Brief:
Repeat only the lines between the one with "我们平常遇到的绝大部分请求都是 GET 或" and the end of the material below, both ends included. Omit any picture.

Provided data:
"""

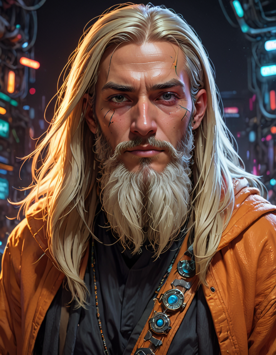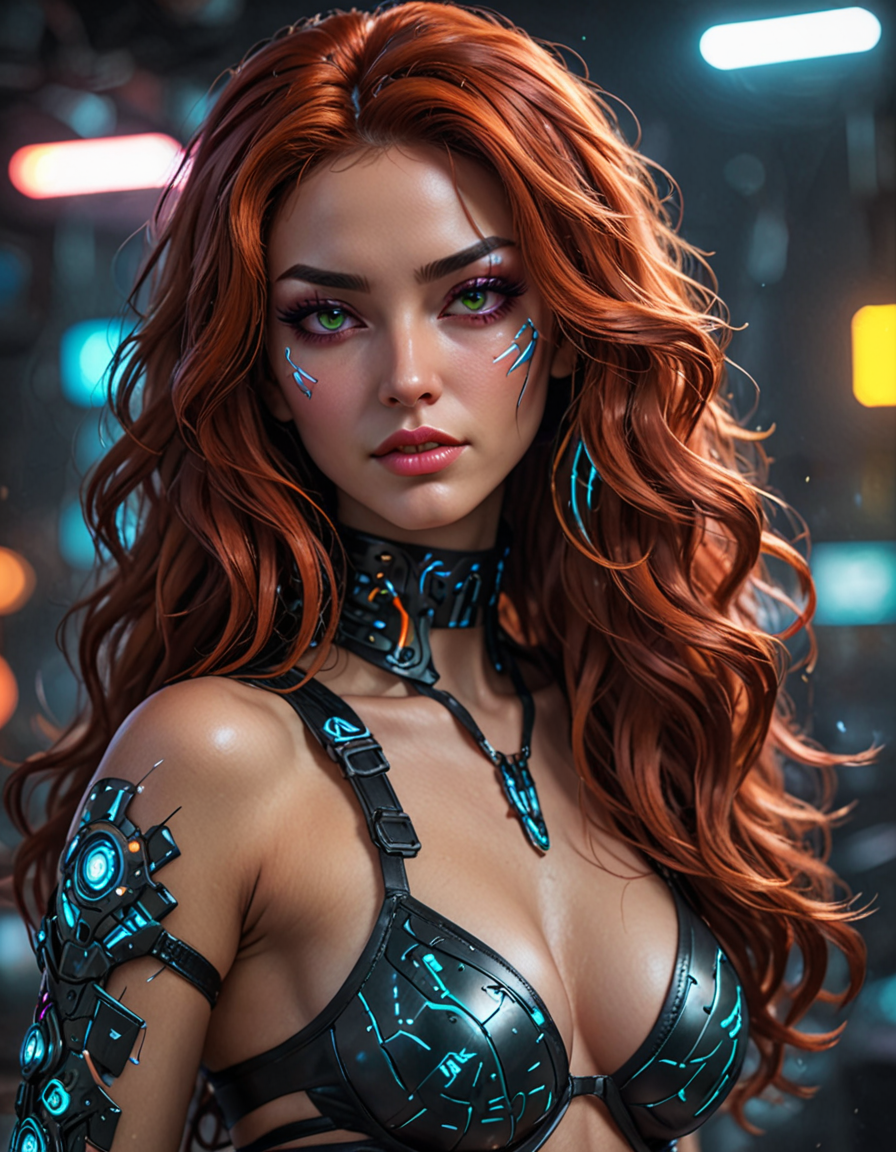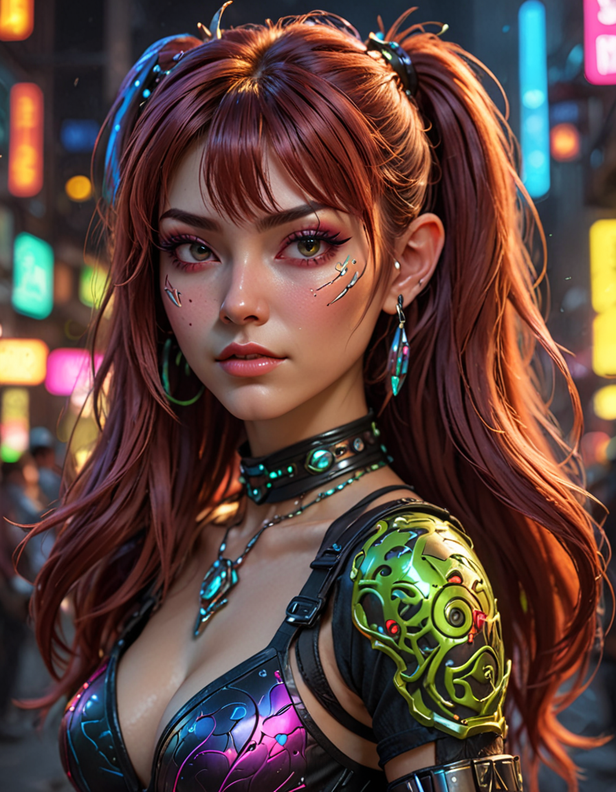 cyberpunk hacker, surrounded by neon lights and holographic screens
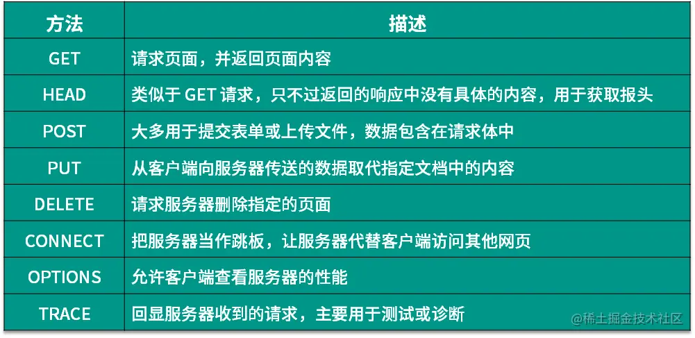我们平常遇到的绝大部分请求都是 GET 或 POST 请求,另外还有一些请求方法,如 HEAD、PUT、DELETE、OPTIONS、CONNECT、TRACE 等,我们简单将其总结为下表。
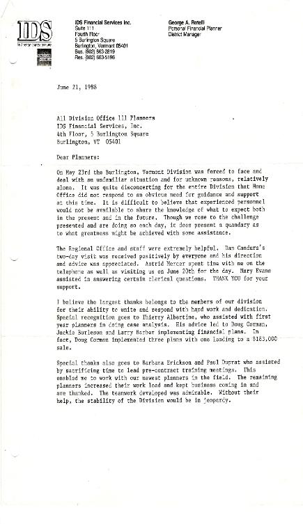 IDS/AMEX and the state of Vermont

"""

Exercise response:
我们平常遇到的绝大部分请求都是 GET 或 POST 请求,另外还有一些请求方法,如 HEAD、PUT、DELETE、OPTIONS、CONNECT、TRACE 等,我们简单将其总结为下表。
 IDS/AMEX and the state of Vermont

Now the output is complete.